1 SAMUEL 9
Tema ini tidak bisa dilepaskan dari pemahaman terikat dengan 1 Samuel 1-12 untuk memahami sifat kerajaan theokratis yang dimaksudkan oleh penulis kitab Samuel. Penulis sejarah ini merasakan suatu kegalauan dimana bangsa pilihan Tuhan menolak Tuhan itu sendiri (1 Samuel 8) sebagai raja yang pertama dan utama dalam kehidupan mereka, hanya karena tergoda dengan sistem organisasi kepemimpinan Kanaan dan karena gagalnya Samuel melakukan regenerasi yang baik di Israel, anaknya yang diangkatnya tidak hidup sebagaimana integritas ayahnya (I Sam 8: 1-3).
Samuel asyik mengorganisir kehidupan rohani dan politik umat tetapi ia tidak serius memperhatikan keluarganya sebagaimana seniornya Elia yg gagal mendidik Hofni dan Pinehas. Sampai suatu saat tua-tua Israel demonstrasi di depan altar Rama memberikan ketegasan menolak anaknya dan menolak Tuhan sebagai raja. Samuel dengan “legowo” menerima kritik pedes rakyat setelah dikonfirmasi oleh Tuhan bahwa DIA “mengijinkan” pemerintahan raja di tangan manusia.
Di dalam rasa kesal dan rintihan doa Samuel, Tuhan pun menyadari kalau diriNya tak diminati sebagai RAJA atas mereka karena mereka lebih cinta kepada allah-allah lain. Kemanakah hati nurani rohani umatNya? Untuk sementara terseret oleh setan-setan Kanaan. Hari ini juga (2021) barangkali banyak umatNya yang merindukan allah-allah lain di dalam kehidupan mereka. Barangkali manusia sekarang ini sudah sangat bosan dipimpin oleh Tuhan.
Di dalam rasa kebosanan umatNya kepada Penciptanya sendiri, Tuhan pun menetapkan supaya bangsa Israel memiliki raja. Dan Samuel menunggu kehendak Tuhan untuk menetapkan raja bagi Israel. Diakhir pasal 8, Tuhan menerima usul adanya seorang raja dan Samuel menenangkan hati mereka dengan ajakan pulang ke kotanya masing-masing. Dan Samuel terus melakukan persembahan korban dan menunggu konfirmasi dan affirmasi Saul sebagai raja yang diurapi. Karena sudah diberitahukan akan datang raja Israel (15-17), maka Samuel tidak perlu repot-repot mencari, tetapi justru Saul-lah yang mencari dan menemukan Samuel dengan latar cerita untuk mencari keledai yang hilang.

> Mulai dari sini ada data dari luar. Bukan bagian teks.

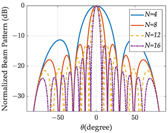 (4) Generate the array beam pattern, , by employing the procedure outlined in Equation (8), through which the angle, , is scanned from −90 degrees to 90 degrees.
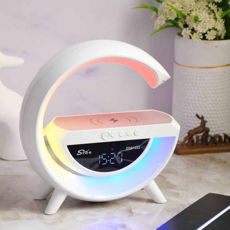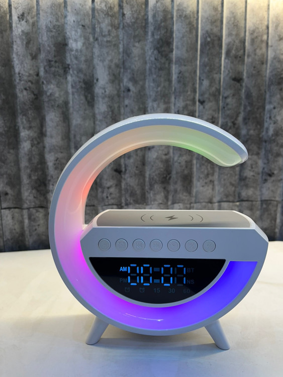 طراحی این اسپیکر بلوتوثی به شکل حرف G انگلیسی است که یک قسمت برای قرار دادن موبایل برای شارژ وایرلس موبایل شما را دارد.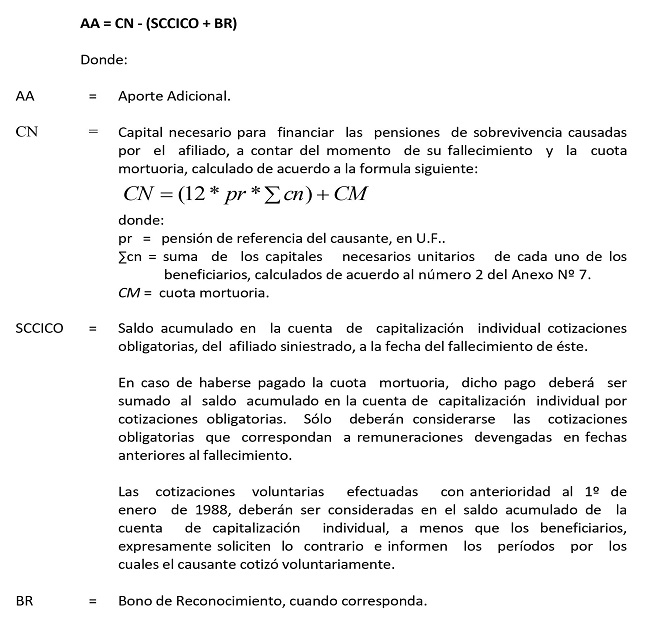La acreditación de la calidad de potenciales beneficiarios debe efectuarse de acuerdo a lo dispuesto en la letra a) del número 2 del Anexo Nº 2, es decir solo se debe acreditar edad, sexo, relación de parentesco y condición de invalidez. En esta instancia no se deberá exigir el cumplimiento de otros requisitos como por ejemplo, ser estudiante, tener un cierto periodo de tiempo de matrimonio, vivir a expensas, etc., ya que estos se deben cumplir al momento del fallecimiento del afiliado. En consecuencia para efectos de determinar el monto del aporte adicional en el cálculo del capital necesario deben ser considerados todos los potenciales beneficiarios para resguardar las pensiones de sobrevivencia que se deriven.

Pada pasal 9, permainan kata disebutkan oleh editor untuk menunjukkan suatu kegalauan emosi bangsa Israel dengan kisah Kisy kehilangan keledai betina. Ironi seorang ayah seperti Kisy yang kebingungan karena kehilangan keledai, tetapi tidak ada rasa penyesalan yang besar dimana seluruh Israel telah menolak Tuhan menjadi Raja atas mereka (8:4-9). Kisy (Israel) lebih menangisi keledainya yang hilang, daripada seperti Samuel yang bersedih tatkala Tuhan kehilangan tahta di Israel. Bagi seorang Israel, keledai amat penting dan utama. Kehilangan keledai bagaikan Israel kehilangan induk pengasuh, kehilangan pemelihara, kehilangan sumber kehidupan. TETAPI MEREKA TIDAK ADA YANG BERKORBAN UNTUK MENEMUKAN TUHAN DI DALAM HIDUP MEREKA. KELEDAI LEBIH BERHARGA UNTUK DITEMUKAN DARIPADA TUHAN. Dan ironisnya Saul diminta untuk menemukannya, dimana ia sendirilah yang sedang ditunggu-tunggu oleh Samuel sebagai pemimpin Israel. Penulis mengubah situasi kehilangan itu kepada suatu penantian raja dihadapan korban Samuel di kota Rama. DARI KELEDAI KE NABI (TUHAN). Tuhan mengubah rencana Saul, mencari keledai sampai menemukan urapan Tuhan.